**What to do**
Exactly as they appear, print the line with "This entryway suggests" and each line after it through the end of the entries below; leave out pictures.

**The input**
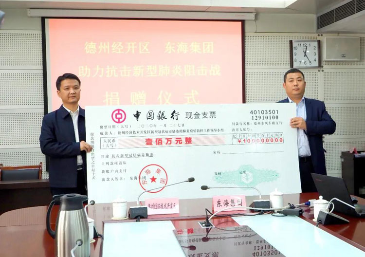 “企业发展了,理应回报社会。做好公益事业,发扬勇于担当的精神是东海人一贯的做法,要积极投身到疫情防控工作中去,为社会贡献一份力量。”东海集团党委书记苏振水坚定地说。作为抗击疫情期间德州市第一家捐款的企业,东海集团的表率作用影响和带动了全社会的捐赠热情。
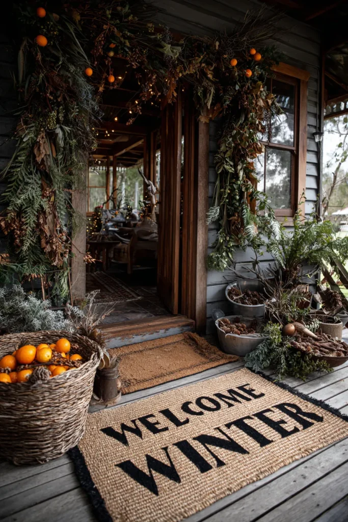 This entryway suggests a beautiful woodland home or cabin with rustic wooden siding painted a muted grey-blue and a rich natural wood door. The porch ceiling overhang is beautifully framed with an incredibly lush, textural garland made from deep greens, dried foliage, and pops of bright orange fruit that look like miniature mandarins or persimmons. Natural elements abound with woven baskets filled with the same bright oranges and large metal tubs brimming with pinecones and dried branches. The door sits on a warm wooden deck accented by a jute doormat that cheerfully reads Welcome Winter.
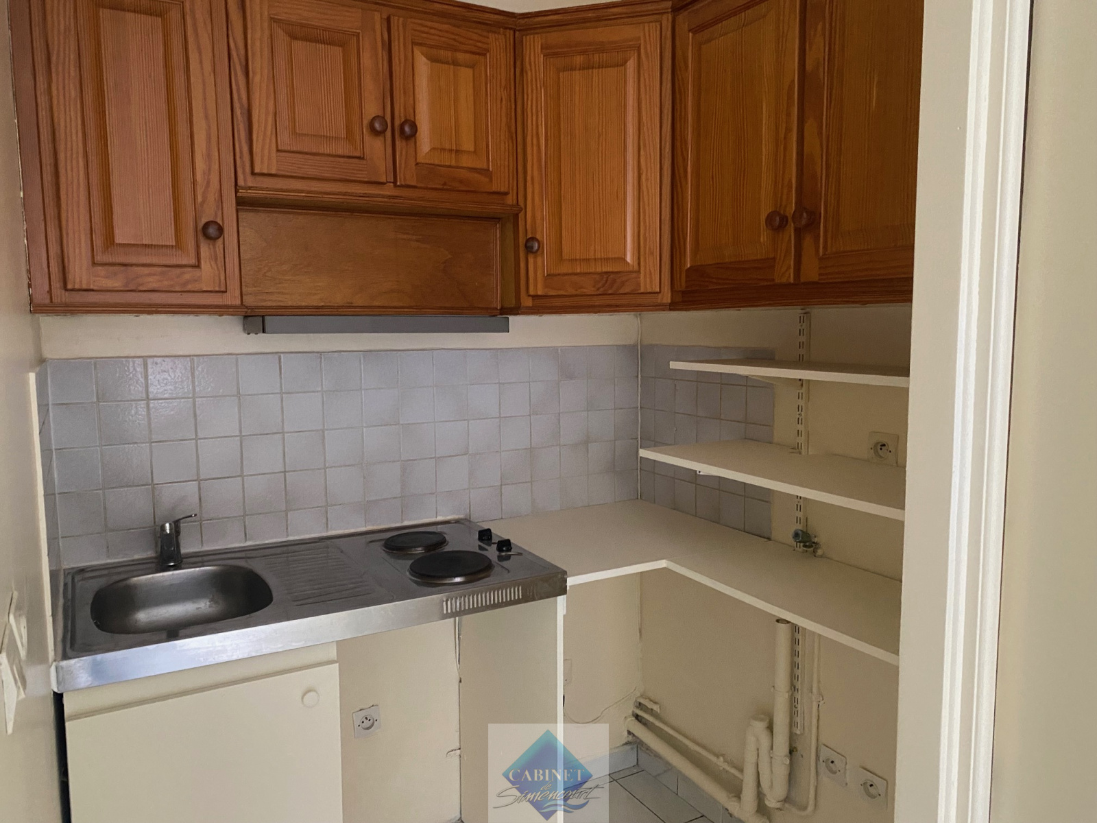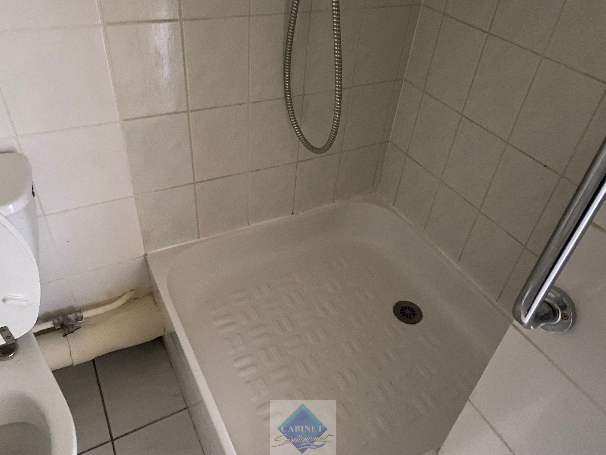 Studio au RDC d'une villa Mersoise comprenant un séjour coin cuisine, une salle de douche avec wc, un espace couchage ou bureau, une courette. Libre de suite. Les frais d'agence sont de 261.36€.
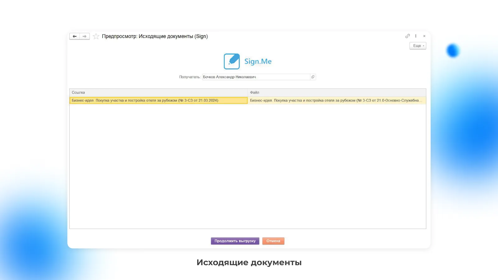 После нажатия на кнопку «На подпись» у вас откроется окно отправки документа. Появление кнопки «Продолжить выгрузку» означает, что документ отправлен получателю.
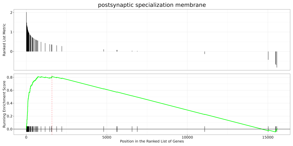 Shows the enrichment score of a specific pathway (e.g., postsynaptic specialization) across a ranked gene list.

**Solution for this exercise**
 This entryway suggests a beautiful woodland home or cabin with rustic wooden siding painted a muted grey-blue and a rich natural wood door. The porch ceiling overhang is beautifully framed with an incredibly lush, textural garland made from deep greens, dried foliage, and pops of bright orange fruit that look like miniature mandarins or persimmons. Natural elements abound with woven baskets filled with the same bright oranges and large metal tubs brimming with pinecones and dried branches. The door sits on a warm wooden deck accented by a jute doormat that cheerfully reads Welcome Winter.
 Studio au RDC d'une villa Mersoise comprenant un séjour coin cuisine, une salle de douche avec wc, un espace couchage ou bureau, une courette. Libre de suite. Les frais d'agence sont de 261.36€.
 После нажатия на кнопку «На подпись» у вас откроется окно отправки документа. Появление кнопки «Продолжить выгрузку» означает, что документ отправлен получателю.
 Shows the enrichment score of a specific pathway (e.g., postsynaptic specialization) across a ranked gene list.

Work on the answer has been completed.